*What you are asked to do*:
Look for the line with "天津醫(yī)科大學(xué" in the data below, then reproduce word for word that line and every line after it. Leave out all pictures and add nothing.

*Data extract*:
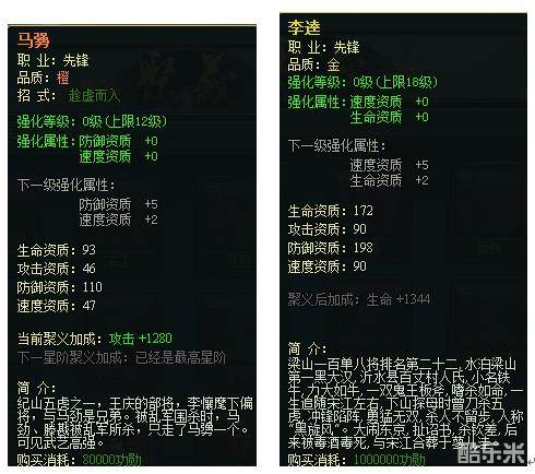 我们可以先来看看金色的将,李逵是第十章的金色,资质上要比橙色和红色完全高一个档次,因为石头太难弄了,所以很难去聚义,因此我们主要介绍橙色和红色。
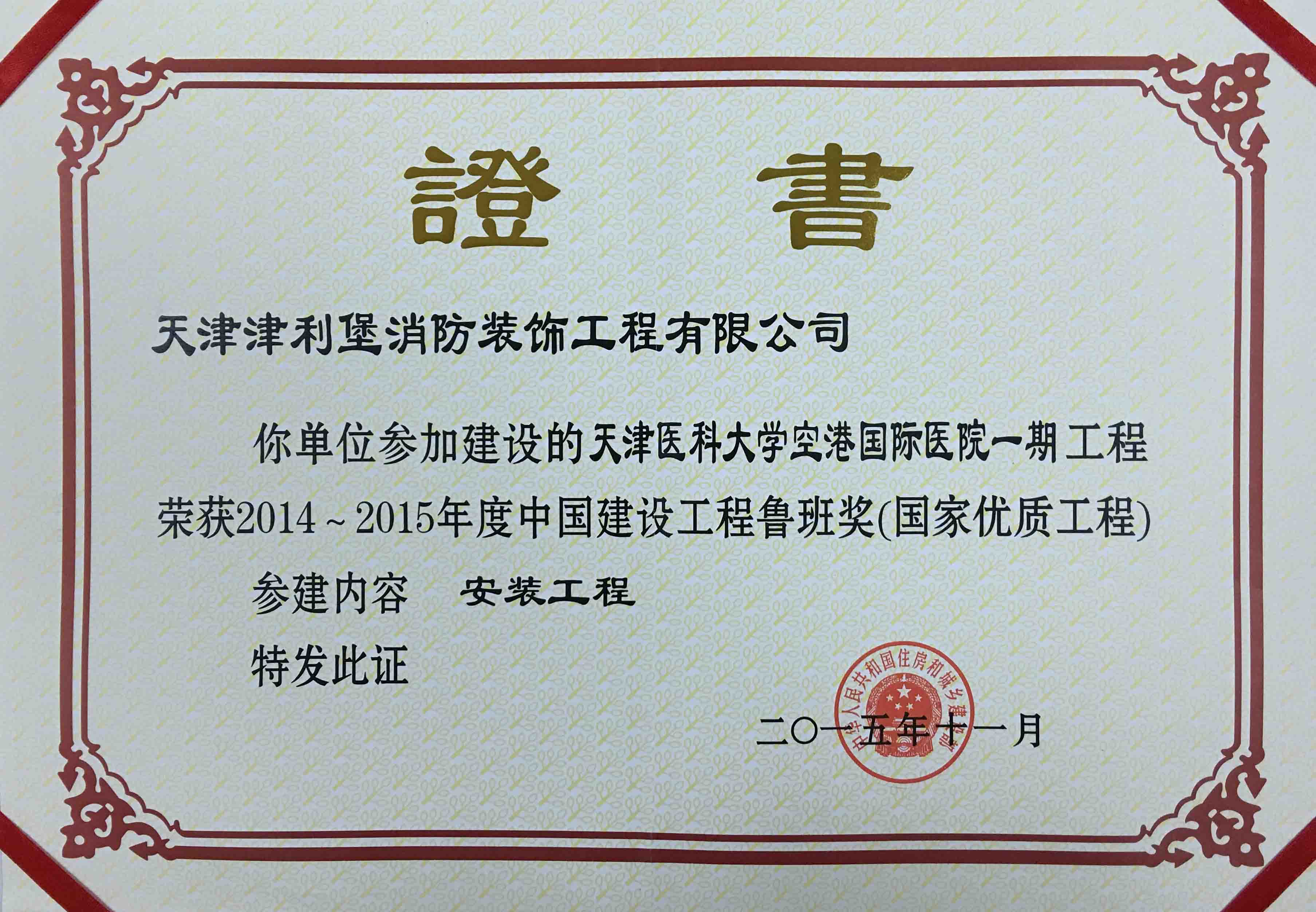 天津醫(yī)科大學(xué)空港國際醫(yī)院一期工程榮獲“中國建設(shè)工程魯班獎(jiǎng)(國家優(yōu)質(zhì)工程)”榮譽(yù)稱號(hào)
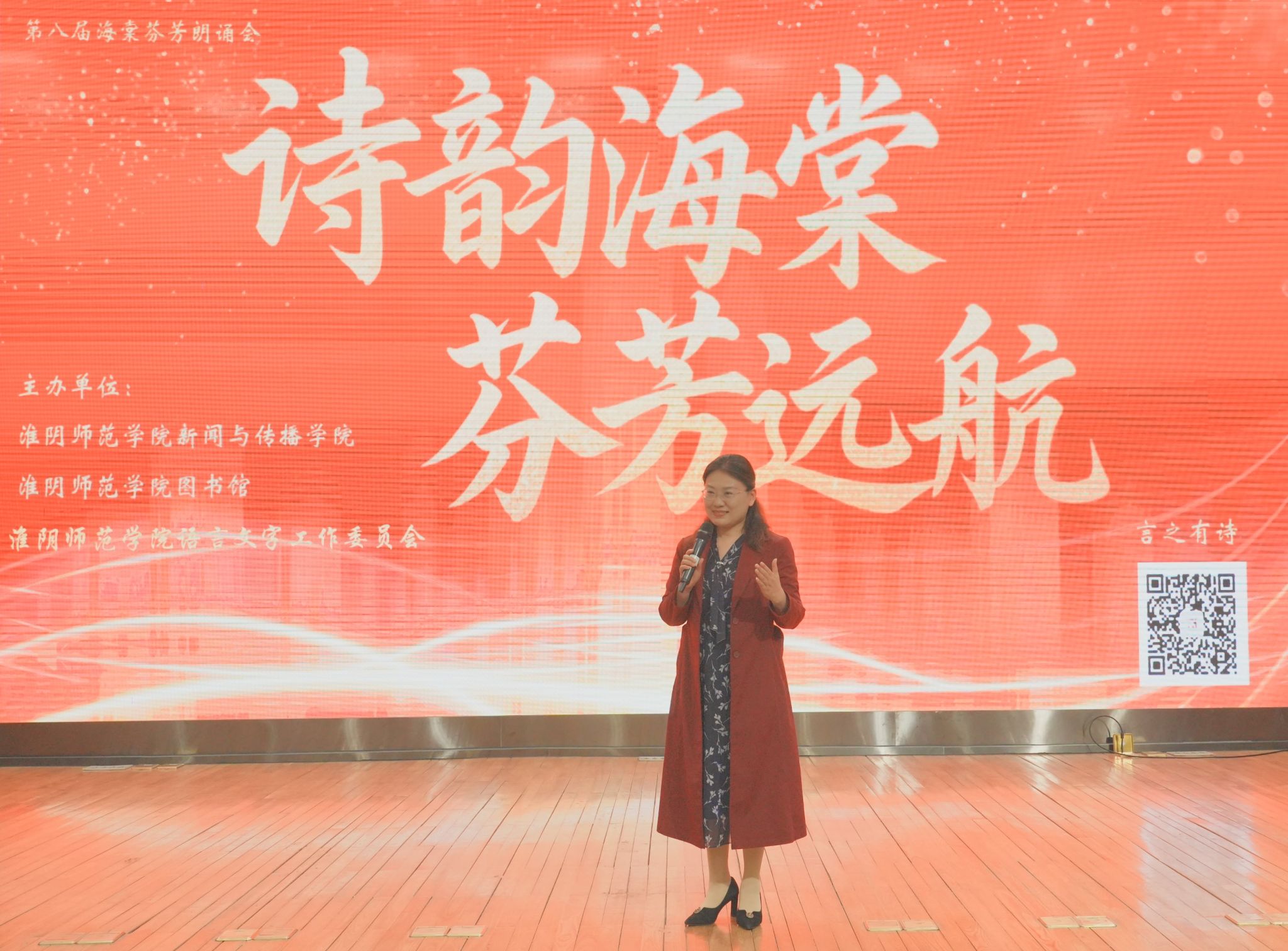 4月27日,由淮师语言文字工作委员会、图书馆、新传学院联合主办,言之有诗工作室承办的第八届海棠芬芳朗诵会决赛在图书馆多功能厅举行。教务处、研究生处、图书馆、新传学院等单位老师担任评委。
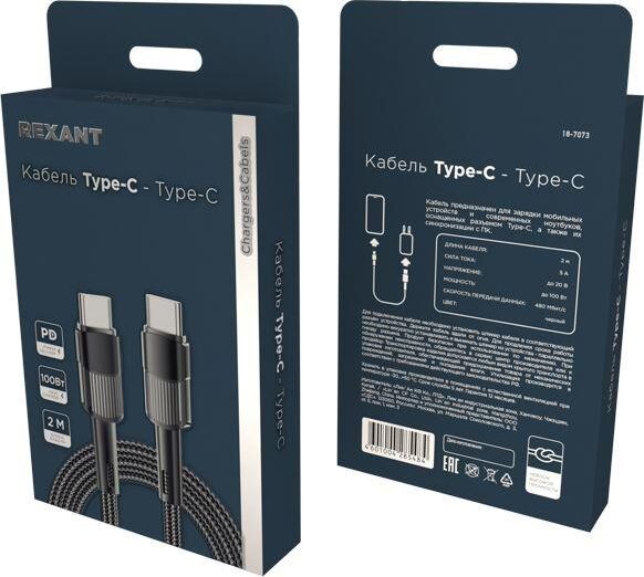 REXANT (18-7073) Type-C ? Type-C, 5A, 100Вт, 2м, в черной нейлоновой оплетке

*Response*:
 天津醫(yī)科大學(xué)空港國際醫(yī)院一期工程榮獲“中國建設(shè)工程魯班獎(jiǎng)(國家優(yōu)質(zhì)工程)”榮譽(yù)稱號(hào)
 4月27日,由淮师语言文字工作委员会、图书馆、新传学院联合主办,言之有诗工作室承办的第八届海棠芬芳朗诵会决赛在图书馆多功能厅举行。教务处、研究生处、图书馆、新传学院等单位老师担任评委。
 REXANT (18-7073) Type-C ? Type-C, 5A, 100Вт, 2м, в черной нейлоновой оплетке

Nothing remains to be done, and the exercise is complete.